Principal Investigator Heinrich Heine University Hospital, United States
Disclosure(s):
Philipp A. Lang, Prof: No relevant disclosure to display
Introduction/Rationale: Recent understandings of anti-tumoral immune mechanisms reveal a critical role for strong and sustainable activation of CD8+ T cells for successful immunotherapy. Recently, we showed that the non-cytopathic lymphocytic choriomeningitis virus (LCMV) induces strong anti-tumor responses without directly killing tumor cells but by activation of CD8+ T cells. Here, we aim to generate an optimized arenavirus based on LCMV for application in cancer patients and its potential benefit with combination therapies.
Methods: We performed multiple passaging of the wild-type strain LCMV-WE in several murine and human cancer cells. The occurring mutations were identified and their role tested in vitro and in vivo in attenuated reassortant LCMV.

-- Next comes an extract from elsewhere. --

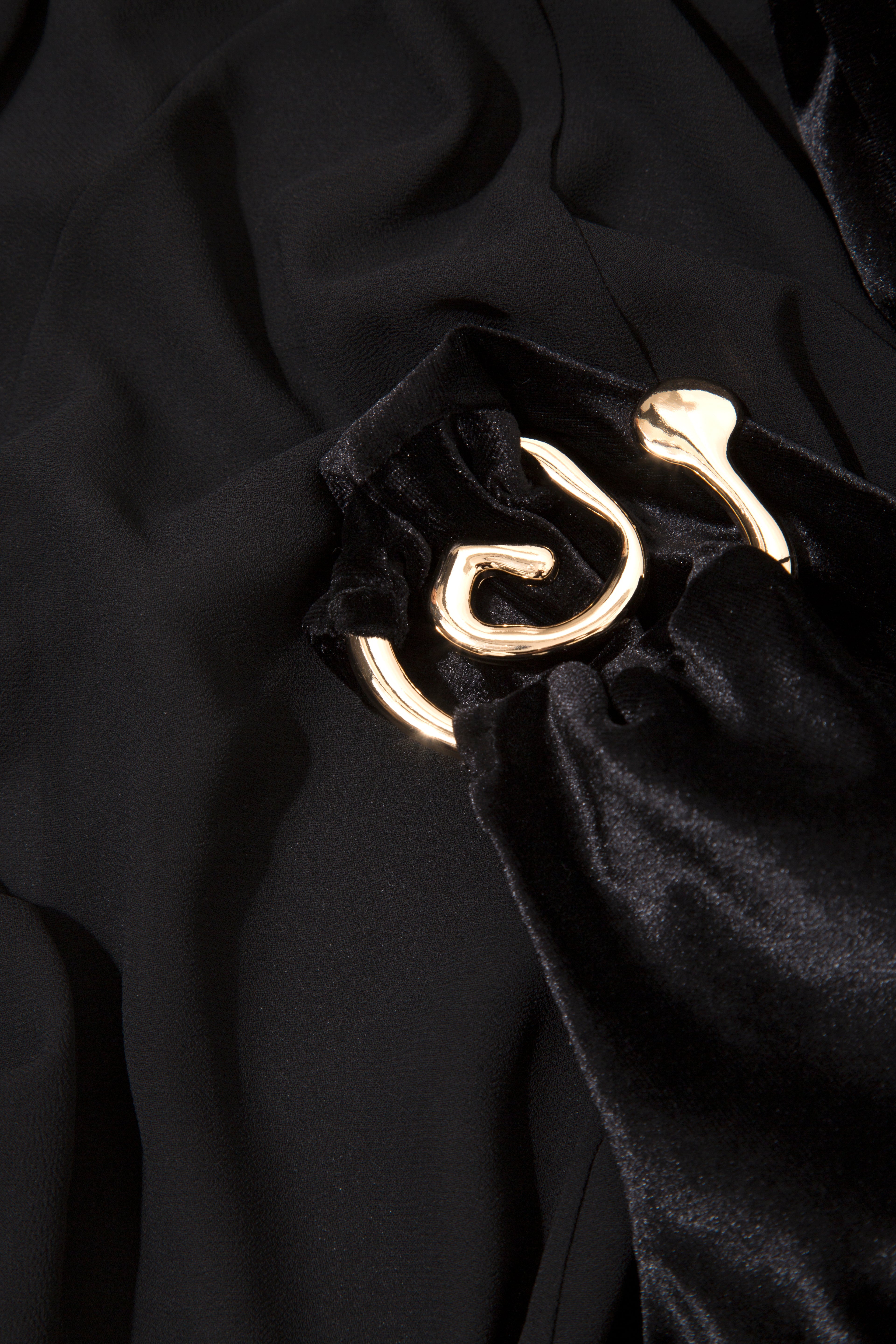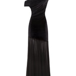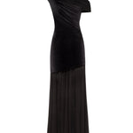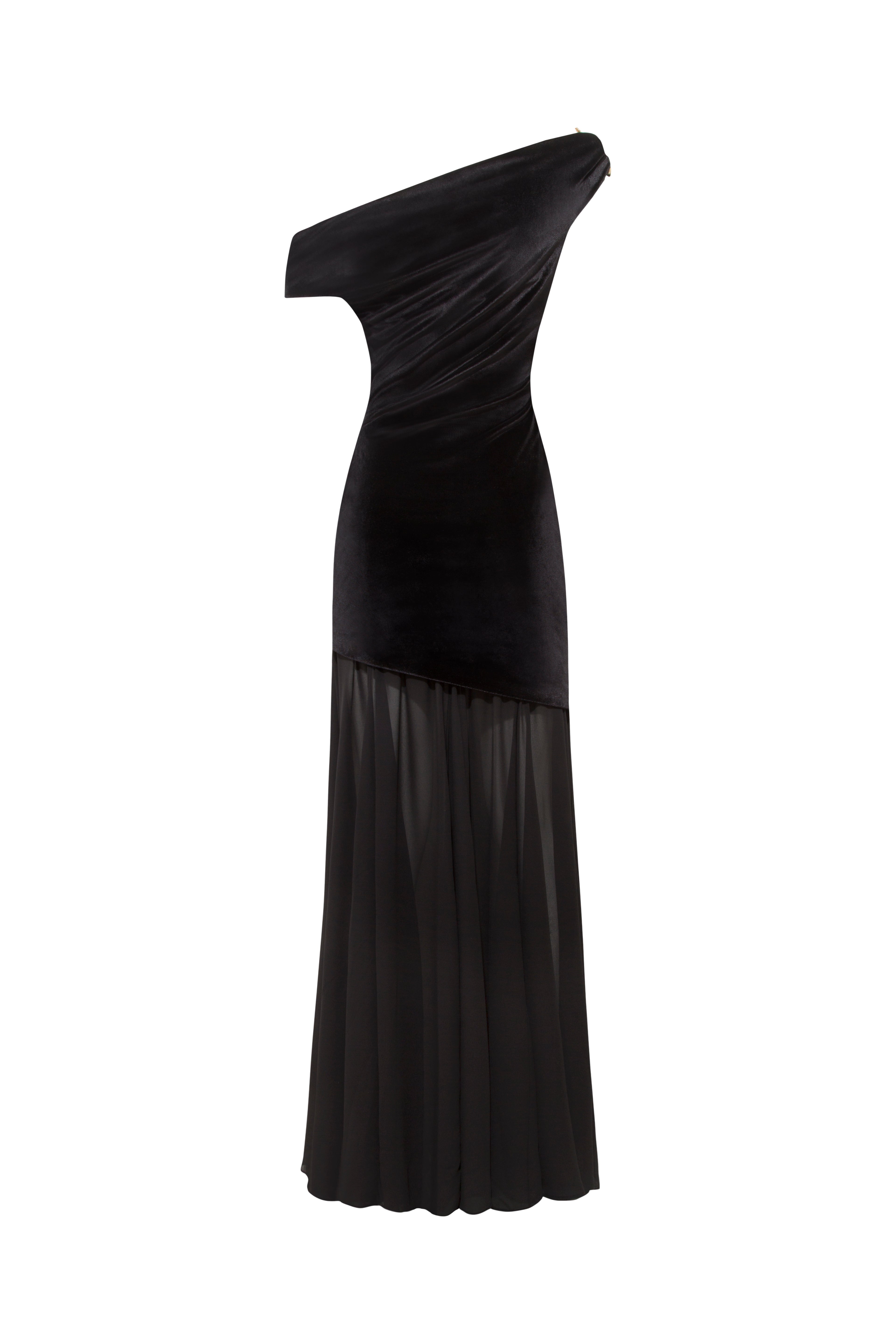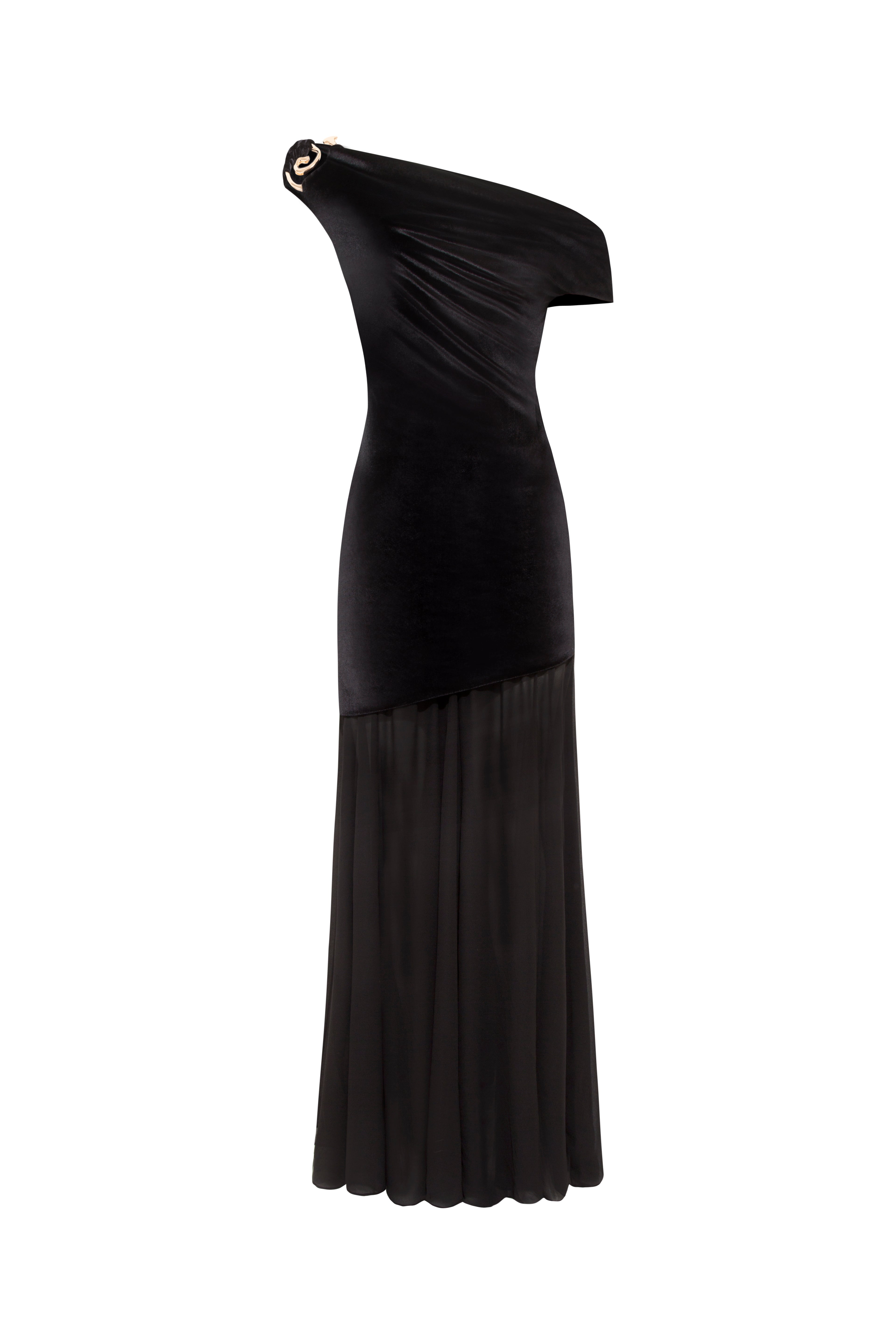 Elevate your evening wardrobe with the Noir Dress, a striking one-shoulder design that seamlessly blends luxury and refinement. Crafted from sumptuous velvet and ethereal chiffon, this piece features an architectural gold accessory detail that adorns the shoulder with understated glamour. The draped fitted bodice creates a flattering silhouette while the soft flowing hem moves with graceful ease. Perfect for galas, formal dinners, or any occasion demanding timeless elegance, this dress transforms you into the focal point of any room.

Results: We identified several mutations, which showed accelerated propagation in cancer cells leading to an attenuated reassortant arenavirus strain with accelerated entry in a broad spectrum of human cancer cells. This strain exhibited strong anti-tumoral efficacy in a variety of tumor models with minimal replication in healthy tissues and no severe disease symptoms in immune compromised murine model systems. Dissecting the anti-tumoral mechanism revealed that tumor-specific T cells were expanded, recruited to tumors and differentiated into potent effector cells. Furthermore, this virus strain amplified the anti-tumoral activity of a BiTE (Trp1/CD3) and combination with CAR- T cells to increase anti-tumor efficacy. In non-human primates, treatment with this strain led to increase in virus-mediated cytokine levels as well as T cells in the blood by maintaining a safe application.
Conclusion: In conclusion, by using the biological principle of mutation and selection, we developed an arenavirus-based immune therapy safely applied in preclinical model systems and GLP studies as well as harboring a unique mode of action and anti-tumoral efficacy. Combination with T cell-directed therapies including BITEs and CAR-T cells resulted in strong synergistic anti-tumoral responses.